Goal of the exercise:
Give the entries again exactly. Skip the pictures.

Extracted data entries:
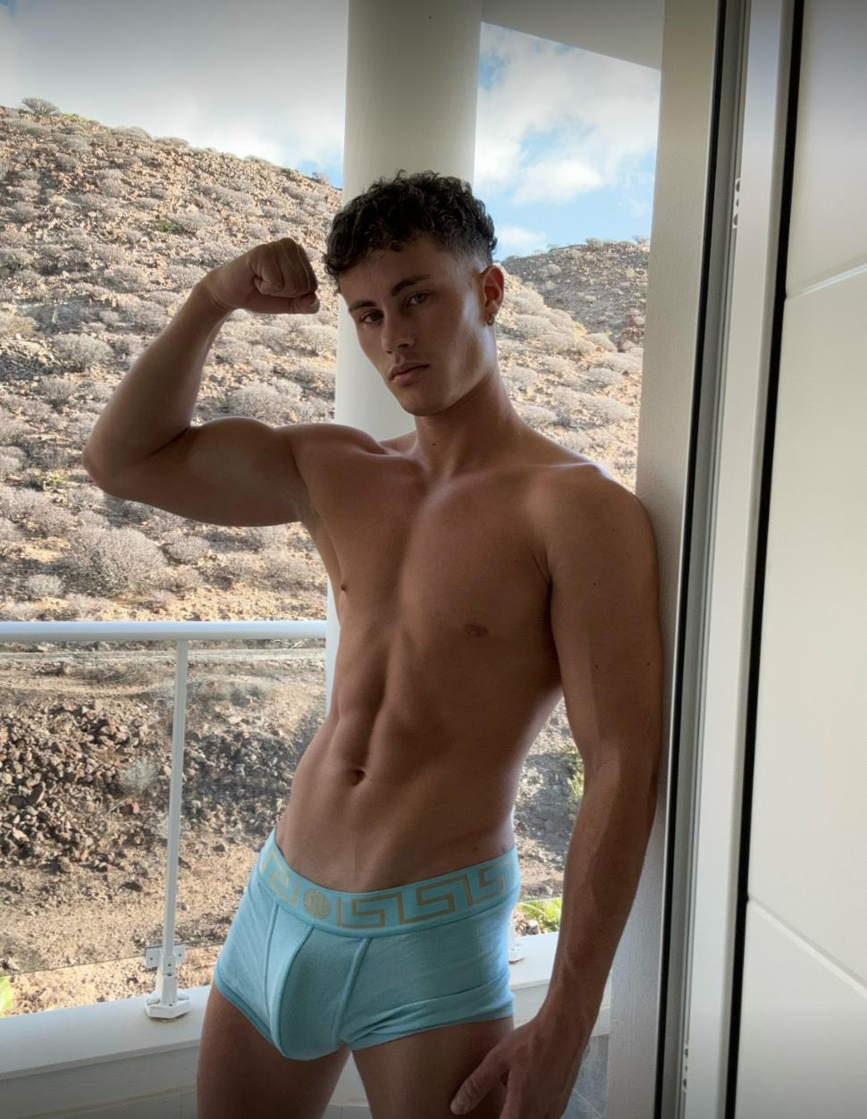 Shirtless flexing young man with hard cock in his light blue briefs!
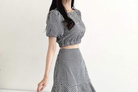 Set: Kariertes Crop-Top mit Puffärmeln und Rundhalsausschnitt + High Rise Midi-A-Linienrock
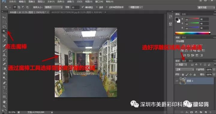 5.選取圖層界面,選中圖層,經過魔棒工具選取需要做浮雕的區域
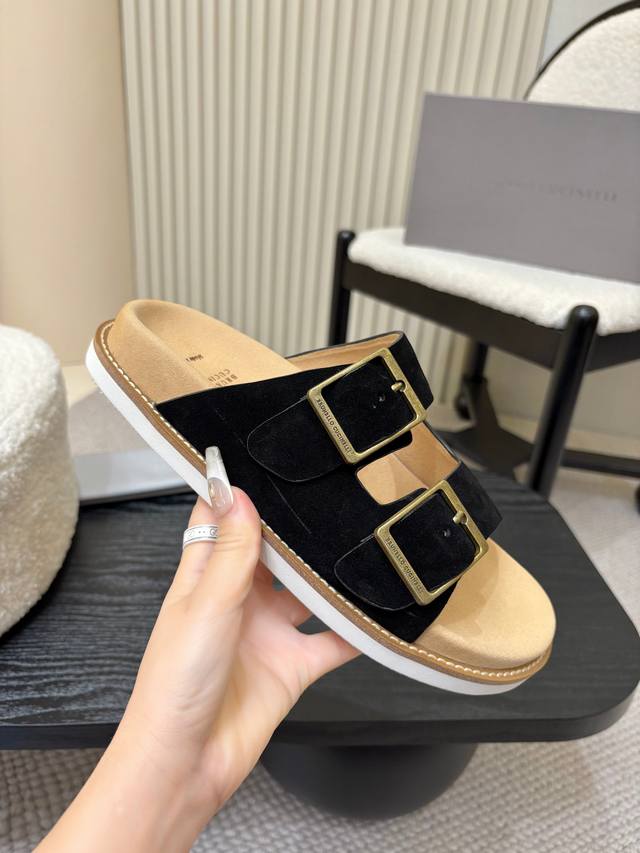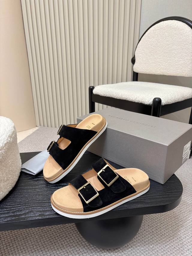 Brunello Cucinelli,2025Ss新款拖鞋出货古铜 色Logo双排扣凉拖,复古简约又不失时尚感,搭在任何穿搭上,都能轻松提升整体造型的精致度,每一步都走出随性自在 ,原版抽屉式包装,精致而大气I!
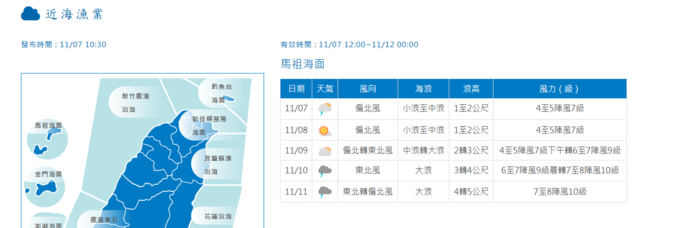 因海象不佳,為旅客及船舶安全考量原11/09東引航班停航。
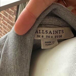 Light gray cardigan with a soft knit texture. Sweatshirt material. Inner drawstrings and zippered pockets. Shawl collar.

Solution:
 Shirtless flexing young man with hard cock in his light blue briefs!
 Set: Kariertes Crop-Top mit Puffärmeln und Rundhalsausschnitt + High Rise Midi-A-Linienrock
 5.選取圖層界面,選中圖層,經過魔棒工具選取需要做浮雕的區域
 Brunello Cucinelli,2025Ss新款拖鞋出货古铜 色Logo双排扣凉拖,复古简约又不失时尚感,搭在任何穿搭上,都能轻松提升整体造型的精致度,每一步都走出随性自在 ,原版抽屉式包装,精致而大气I!
 因海象不佳,為旅客及船舶安全考量原11/09東引航班停航。
 Light gray cardigan with a soft knit texture. Sweatshirt material. Inner drawstrings and zippered pockets. Shawl collar.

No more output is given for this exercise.